We must learn facts about our history


I was moved when I read Heather Smith’s article, “Embrace learning accurate history.” She spoke from her heart about her own education in Salem and her current teaching involvement with Youngstown youth at Rayen Early College. She wondered why she never learned about the John Brown slave rebellion in 1859, and, perhaps more importantly, that a couple of people from Salem had been present at that event, or that she had never heard about the abolitionist newspaper or the underground railroad in her own community.
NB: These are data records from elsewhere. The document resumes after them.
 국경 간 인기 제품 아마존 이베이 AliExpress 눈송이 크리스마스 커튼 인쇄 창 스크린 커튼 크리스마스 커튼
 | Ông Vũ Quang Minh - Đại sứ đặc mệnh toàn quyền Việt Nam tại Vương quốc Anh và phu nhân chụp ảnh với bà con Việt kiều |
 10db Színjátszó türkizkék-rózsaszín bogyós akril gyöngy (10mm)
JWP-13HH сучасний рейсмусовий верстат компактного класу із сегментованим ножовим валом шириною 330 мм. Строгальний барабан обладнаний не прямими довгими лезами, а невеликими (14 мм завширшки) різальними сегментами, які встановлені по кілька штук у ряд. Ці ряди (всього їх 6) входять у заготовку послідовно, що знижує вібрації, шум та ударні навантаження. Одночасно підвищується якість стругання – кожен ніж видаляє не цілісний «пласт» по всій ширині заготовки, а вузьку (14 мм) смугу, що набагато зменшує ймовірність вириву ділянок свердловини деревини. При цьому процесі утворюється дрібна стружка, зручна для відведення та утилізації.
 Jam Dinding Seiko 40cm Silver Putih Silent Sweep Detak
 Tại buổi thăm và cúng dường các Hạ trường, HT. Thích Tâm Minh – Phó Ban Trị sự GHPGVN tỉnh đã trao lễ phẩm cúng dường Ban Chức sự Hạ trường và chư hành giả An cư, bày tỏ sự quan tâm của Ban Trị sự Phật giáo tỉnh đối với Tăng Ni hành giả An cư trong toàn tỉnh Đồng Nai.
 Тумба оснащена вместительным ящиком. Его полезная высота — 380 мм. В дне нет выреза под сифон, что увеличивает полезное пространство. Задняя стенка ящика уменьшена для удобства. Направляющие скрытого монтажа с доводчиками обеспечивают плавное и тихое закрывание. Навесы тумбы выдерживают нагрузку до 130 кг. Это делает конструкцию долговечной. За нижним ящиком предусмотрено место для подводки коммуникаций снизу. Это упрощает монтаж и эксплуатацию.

She reported she was angry that she had not been told a truthful story about her history. She is well aware that Republicans in our state are currently trying to keep young people from knowing the truth about the history of our country. She pointed out that Bill 322 and Bill 327 in Ohio are an attempt to cover over part of the truth.

I, too, was raised to hear only part of my story. I feel this hurts us and prevents us from growing into adults who can be realistic about ourselves, as well as our leaders. We should be told the truth about our history: the good, the bad and the ugly. That way we can embrace the truth about all of us: We are all brothers, created by God, and we are all in this difficult life together.

More than ever we need the truth to guide us. If we are not given the truth about ourselves or about our country, we will fall prey to falsehoods, such as conspiracy theories and lies from our leaders. I like that Jesus said, “You will know the truth, and the truth will set you free.”